The following concepts and objectives were introduced and discussed at the Conferences of the Parties of the Stockholm and Rotterdam conventions in the context of the clearing-house mechanism:

The clearing‑house mechanism is a multi-stakeholder global mechanism set up and operated by the secretariat under the guidance and oversight of the Parties to facilitate the exchange of information on hazardous chemicals and wastes. Its three major components are:

  1. Information capital, or the content of information exchanged by the clearing-house mechanism network members. Information capital consists primarily of information on hazardous chemicals and wastes but may include additional information as decided by the Parties of the three conventions;
  2. Human capital, or the global network of information providers, users and institutions working to implement the conventions and formally contributing to and using the clearing‑house mechanism;
  3. Operational capital, or the set of information tools, products and services and the necessary processes and resources to design, implement, operate and further enhance them.

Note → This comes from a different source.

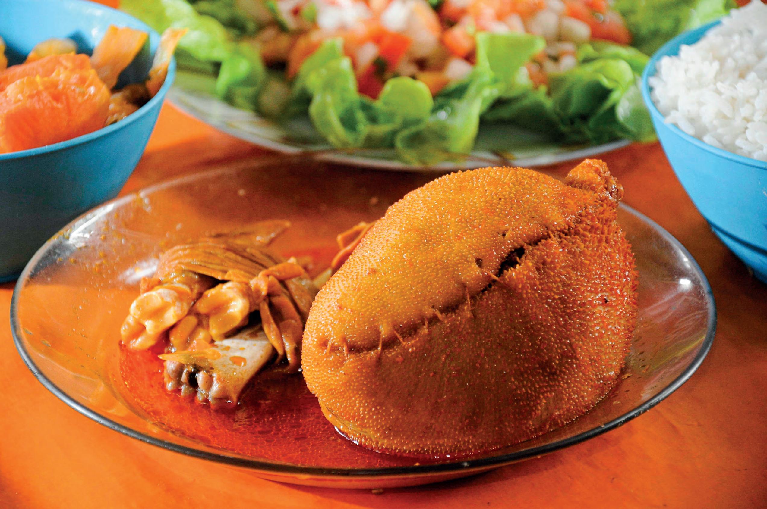 Bien lo sabe la chef Jessica da França, a quien conozco días después en los cuarteles del Caldinho do Nenen. Un restaurante ubicado en la costanera céntrica de Porto de Galin has, donde buscan aprove char los productos que llegan cuando sube la marea. Su especialidad es el barco do porto, una montaña de pescados, cangrejos, gambas y calama res. Antes de atacarlo me

The clearing‑house mechanism:

  • provides one entry point to a wide range of sources of available information relevant to chemicals and wastes management;
  • facilitates the sharing of information on the implementation of the Basel, Rotterdam and Stockholm conventions, including on models of coordination mechanisms and examples of good coordination practices from countries;
  • facilitates the transfer of expertise and know-how between stakeholders;
  • develops a unique development strategy for the clearing-house mechanism across the three conventions, making better use of available resources;
  • keeps parties and other stakeholders well informed regarding convention issues, meetings, programmes, etc., in a more integrated and user-friendly environment;
  • consolidates the use of available resources.

The clearing-house mechanism embraces all traditional, scientific and technological ways and means of transmitting information, including paper-based, electronic components and internet-based tools. It operates as a global, open and transparent network and takes a proactive and collaborative approach to identifying, prioritizing and meeting the information needs of its wide range of users.